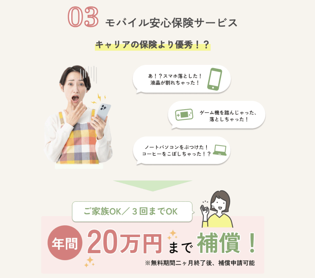 キャリア保険よりコスパが良く、年間最大20万円まで補償されます。
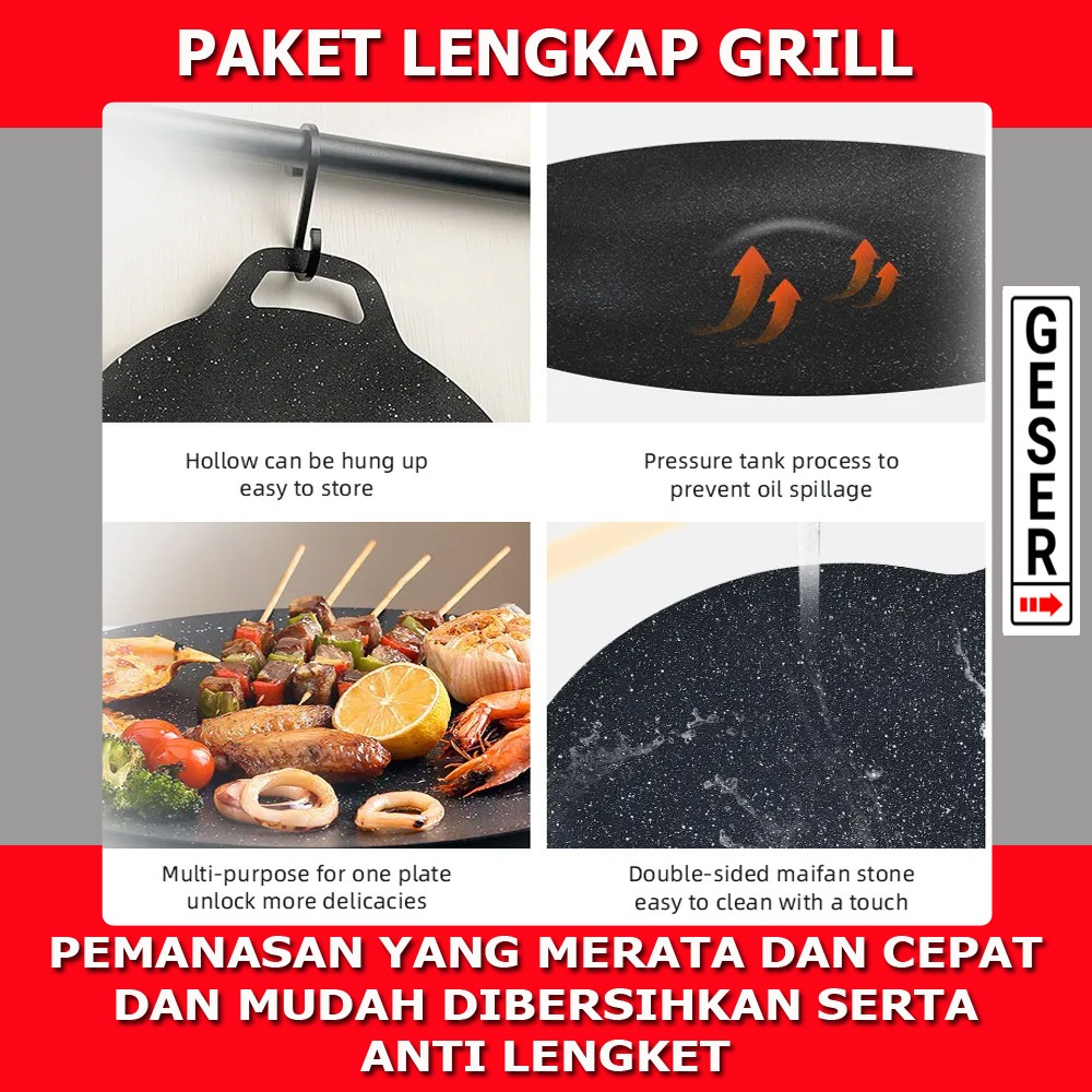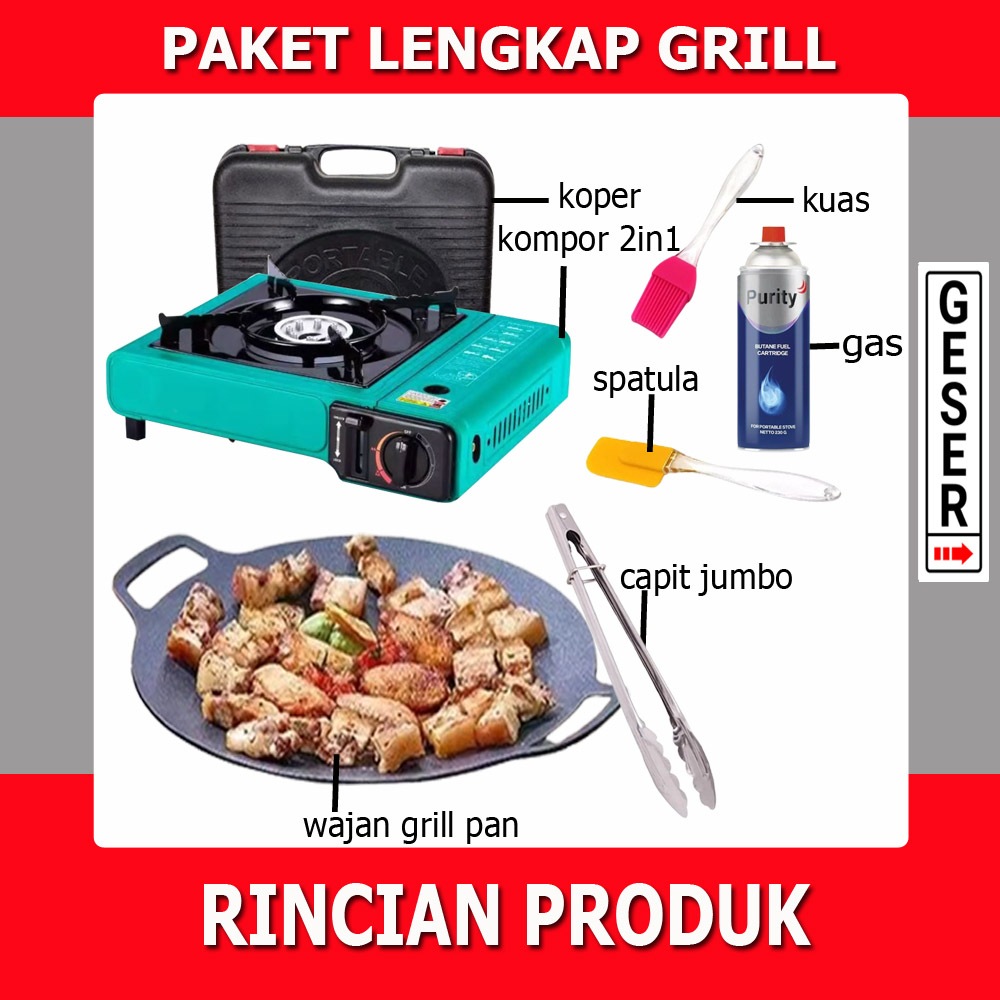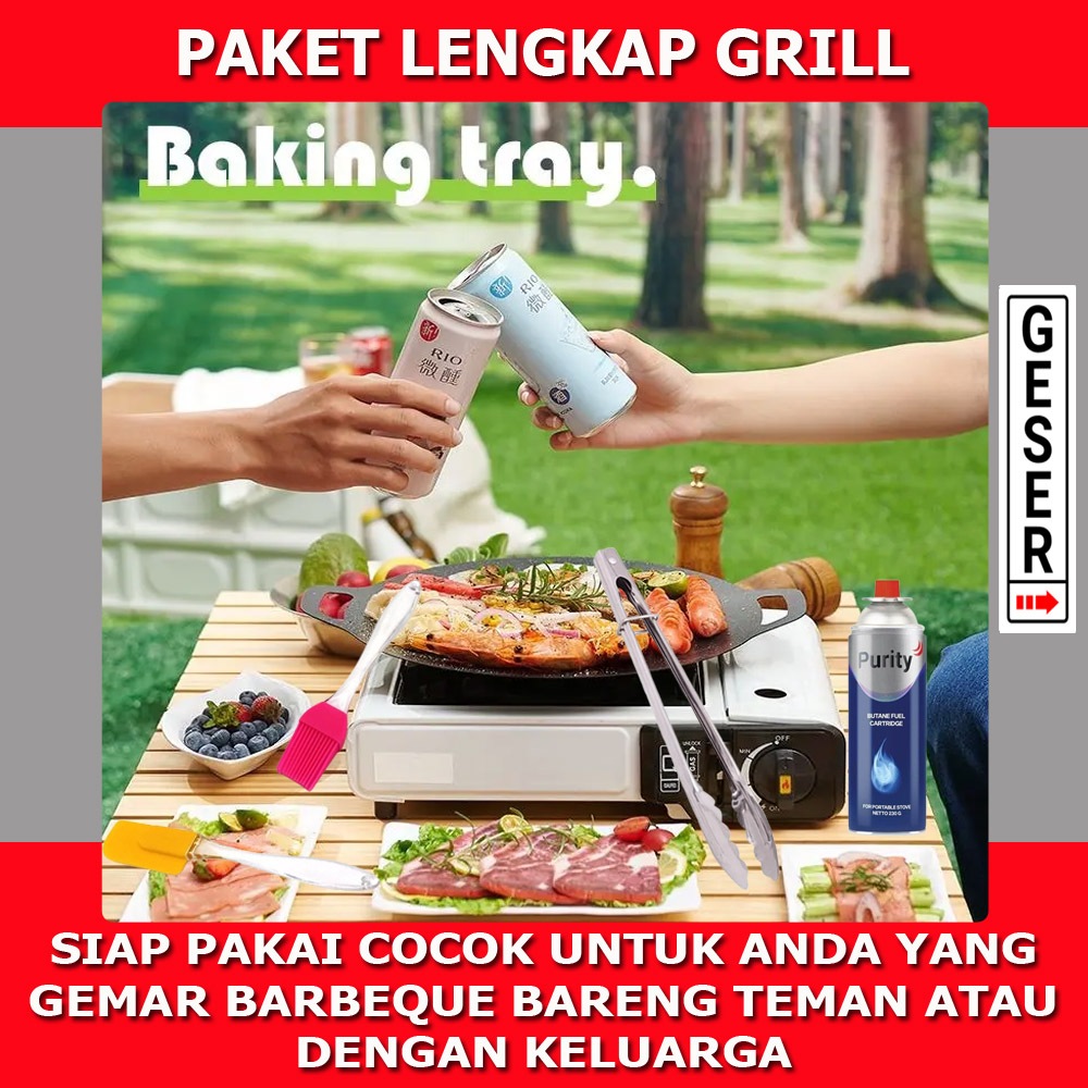 Paket Kompor Portable Plus Wajan Konduksi Panggangan Korean Anti Lengket Serbaguna Paket BBQ Paket Grill Panggangan
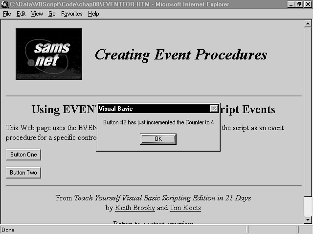 How do you go about connecting the button with VBScript code? Quite easily, in fact. On Day 7, "Building a Home for Your Code," you learned about a special procedure called an event procedure. You saw that event procedures are designed to respond to events initiated by the user, usually on controls. To get your VBScript code to respond to a button click, you have two options. First, you can use the implicit event procedure, which has the following format:
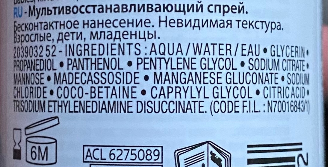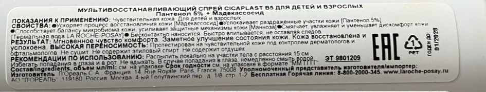 Спрей обещает смягчать, увлажнять и моментально успокаивать кожу, ускорять процесс её восстановления, способствуя балансу микробиома кожи и усиливая её защитные механизмы. Средство рекомендуется использовать не только при солнечных ожогах, но и при царапинах, ссадинах для детей и взрослых.

-=-=-

#### [Problem]
Retyping should start at the first line of the data above and stop after the line with "Paket Kompor Portable", and no picture should be included.

#### [Problem solution]
 キャリア保険よりコスパが良く、年間最大20万円まで補償されます。
 Paket Kompor Portable Plus Wajan Konduksi Panggangan Korean Anti Lengket Serbaguna Paket BBQ Paket Grill Panggangan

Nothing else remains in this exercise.